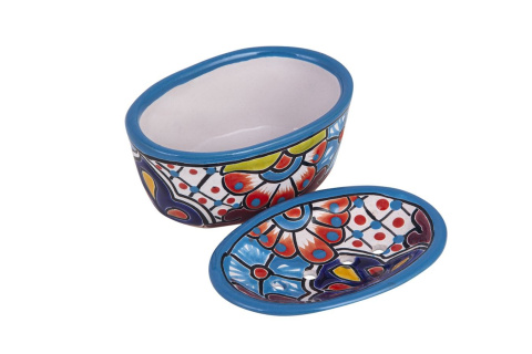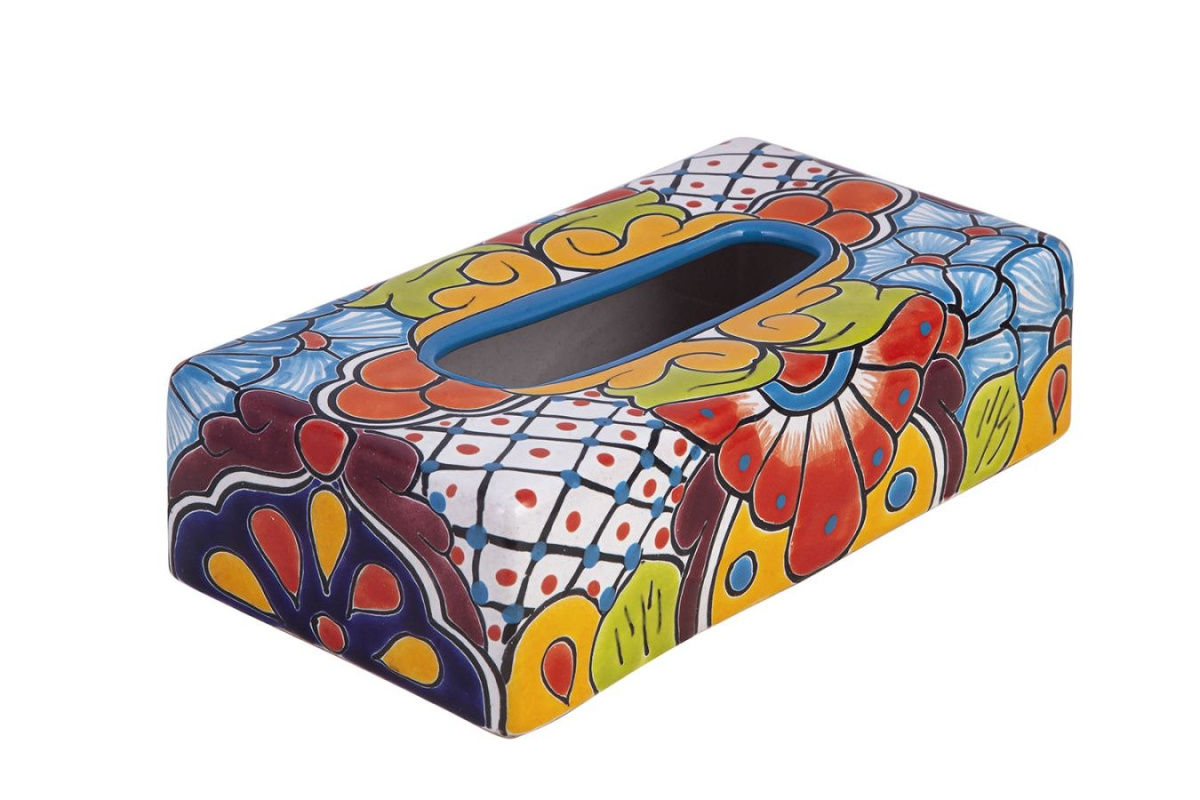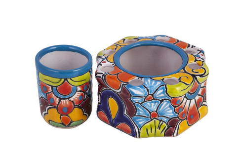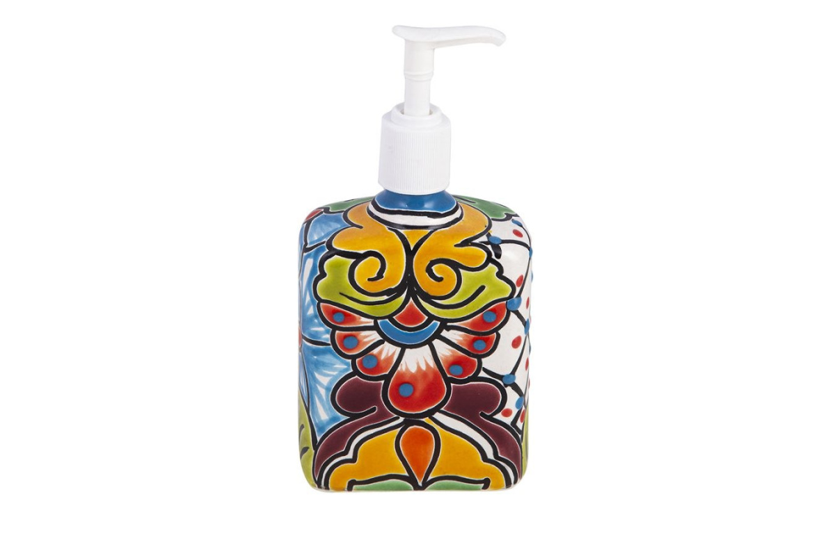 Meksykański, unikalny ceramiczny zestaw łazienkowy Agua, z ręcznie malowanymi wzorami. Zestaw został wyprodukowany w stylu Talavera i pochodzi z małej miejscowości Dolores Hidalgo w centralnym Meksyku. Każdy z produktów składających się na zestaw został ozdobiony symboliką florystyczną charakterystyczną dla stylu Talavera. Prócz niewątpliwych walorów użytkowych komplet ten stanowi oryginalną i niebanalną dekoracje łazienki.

* * *

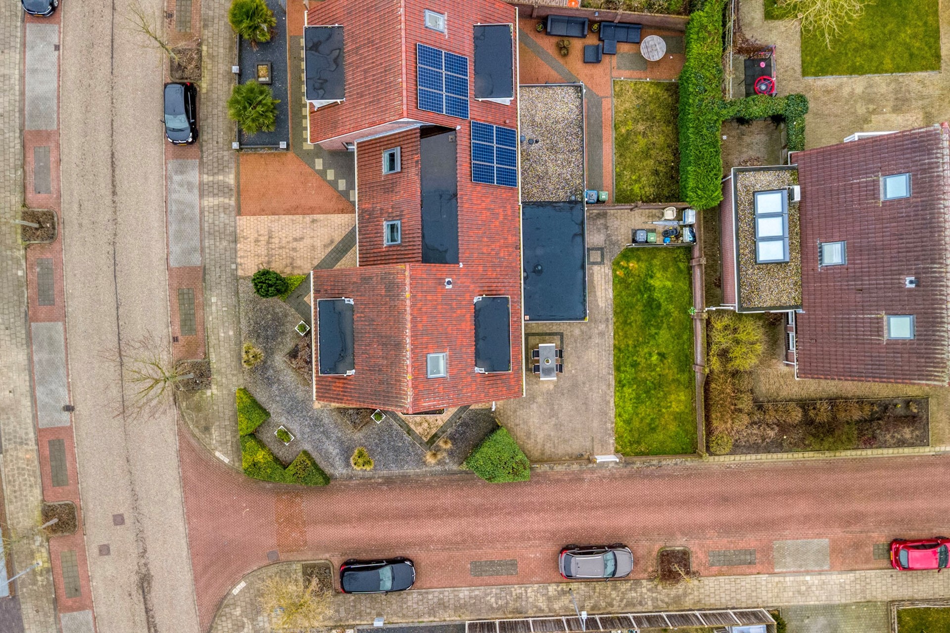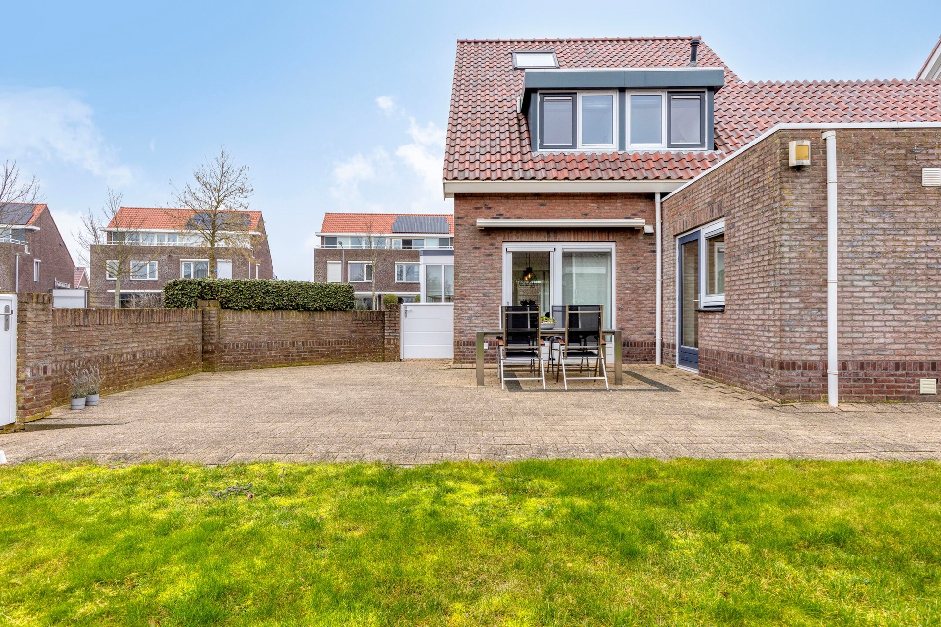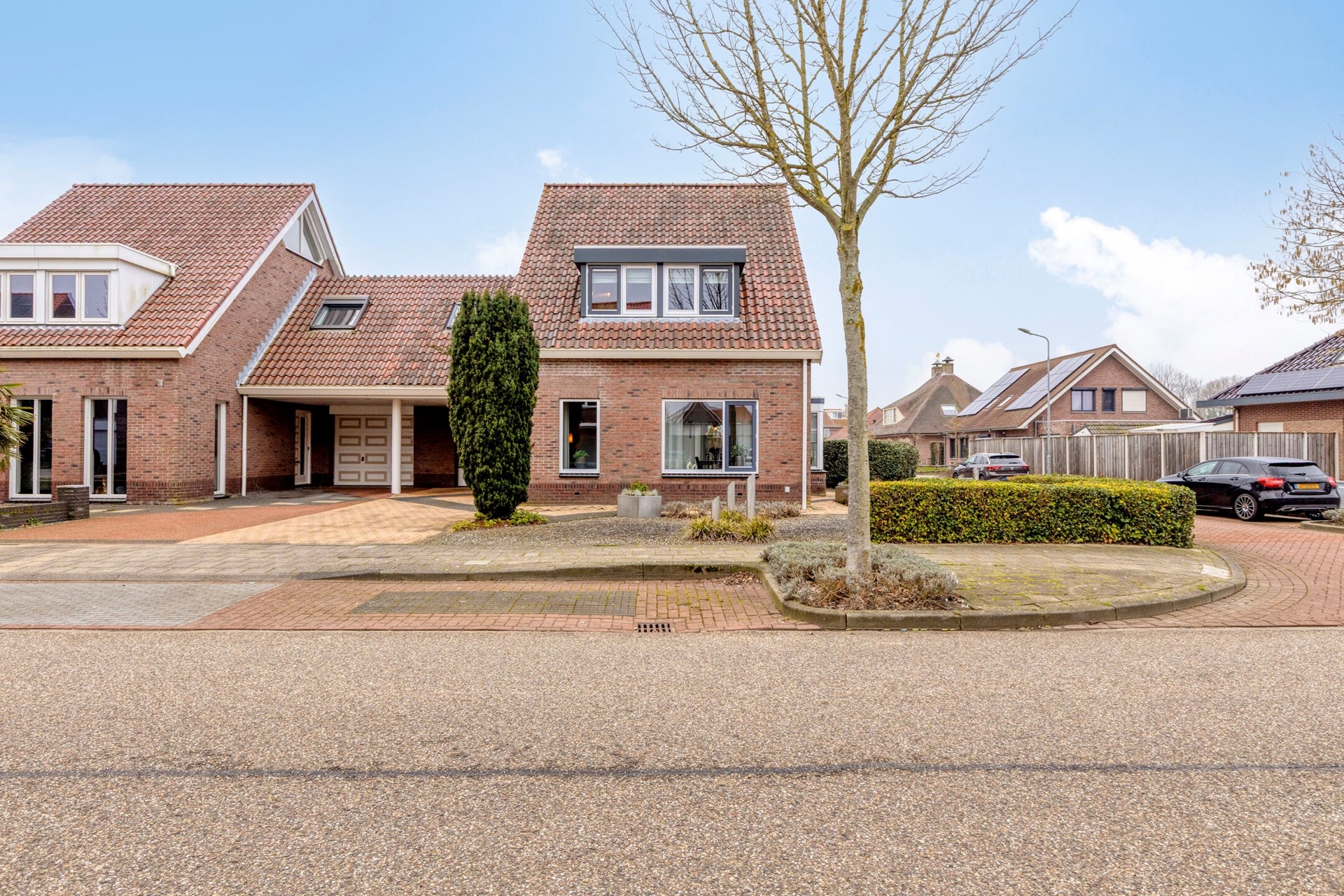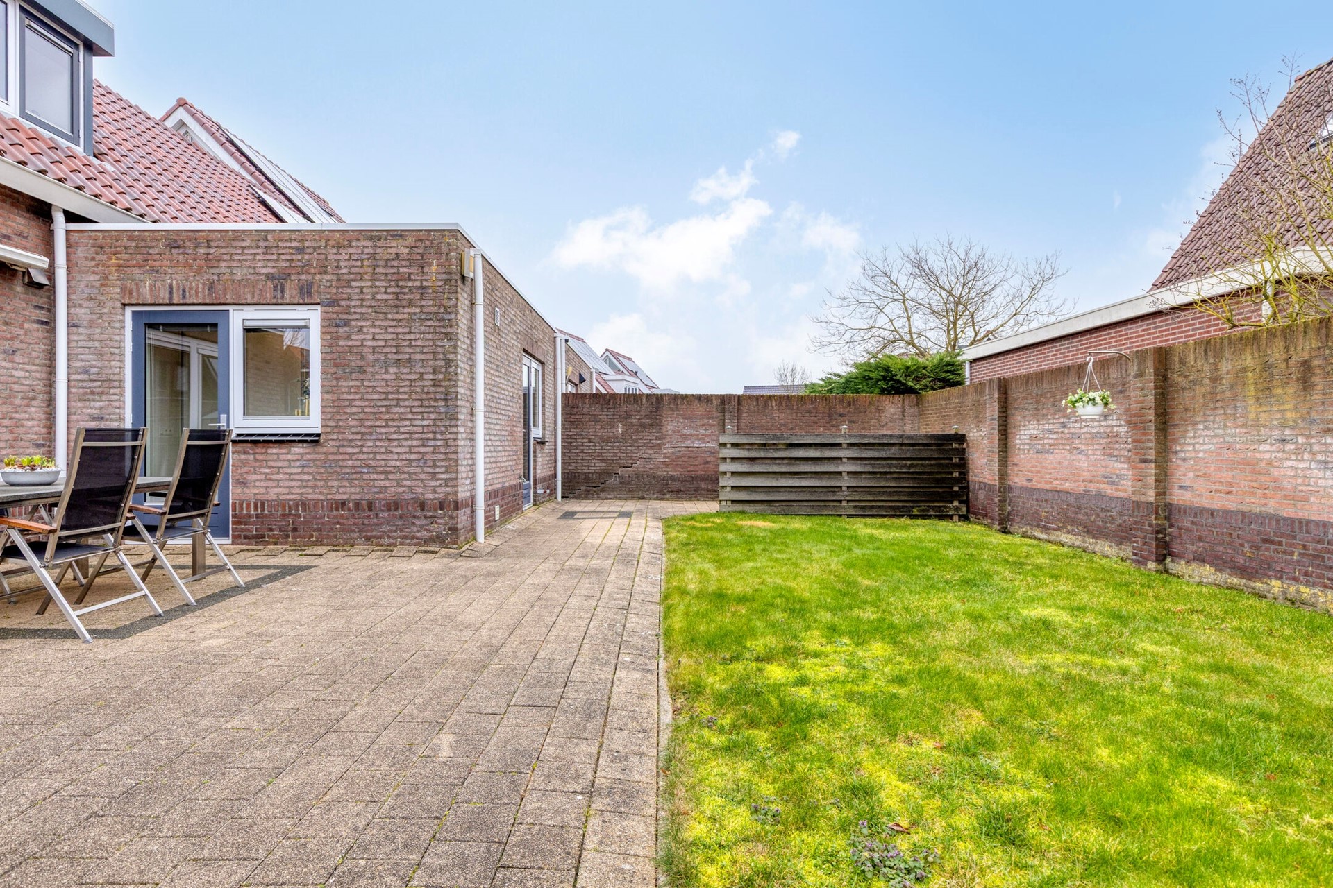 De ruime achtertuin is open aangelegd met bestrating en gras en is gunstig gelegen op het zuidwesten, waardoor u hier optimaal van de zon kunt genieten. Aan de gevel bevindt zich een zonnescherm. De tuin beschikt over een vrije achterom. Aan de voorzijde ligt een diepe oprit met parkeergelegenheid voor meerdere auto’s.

==

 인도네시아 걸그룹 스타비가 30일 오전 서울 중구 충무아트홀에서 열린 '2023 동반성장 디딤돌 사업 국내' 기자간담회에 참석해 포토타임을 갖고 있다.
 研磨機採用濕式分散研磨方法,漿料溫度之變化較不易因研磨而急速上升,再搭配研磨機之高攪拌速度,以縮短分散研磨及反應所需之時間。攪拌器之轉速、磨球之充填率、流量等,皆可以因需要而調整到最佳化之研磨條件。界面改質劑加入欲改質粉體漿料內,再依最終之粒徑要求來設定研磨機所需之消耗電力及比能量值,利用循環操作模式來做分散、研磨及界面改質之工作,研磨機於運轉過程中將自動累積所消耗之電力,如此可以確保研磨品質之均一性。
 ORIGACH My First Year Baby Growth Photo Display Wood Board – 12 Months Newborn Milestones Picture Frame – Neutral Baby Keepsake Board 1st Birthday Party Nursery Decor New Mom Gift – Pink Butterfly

• **Problem to work on**:
Among the entries above, locate the lines containing "인도네시아 걸그룹 스타비가" and "ORIGACH My First", and transcribe exactly those two lines and all lines between.

• **Response below**:
 인도네시아 걸그룹 스타비가 30일 오전 서울 중구 충무아트홀에서 열린 '2023 동반성장 디딤돌 사업 국내' 기자간담회에 참석해 포토타임을 갖고 있다.
 研磨機採用濕式分散研磨方法,漿料溫度之變化較不易因研磨而急速上升,再搭配研磨機之高攪拌速度,以縮短分散研磨及反應所需之時間。攪拌器之轉速、磨球之充填率、流量等,皆可以因需要而調整到最佳化之研磨條件。界面改質劑加入欲改質粉體漿料內,再依最終之粒徑要求來設定研磨機所需之消耗電力及比能量值,利用循環操作模式來做分散、研磨及界面改質之工作,研磨機於運轉過程中將自動累積所消耗之電力,如此可以確保研磨品質之均一性。
 ORIGACH My First Year Baby Growth Photo Display Wood Board – 12 Months Newborn Milestones Picture Frame – Neutral Baby Keepsake Board 1st Birthday Party Nursery Decor New Mom Gift – Pink Butterfly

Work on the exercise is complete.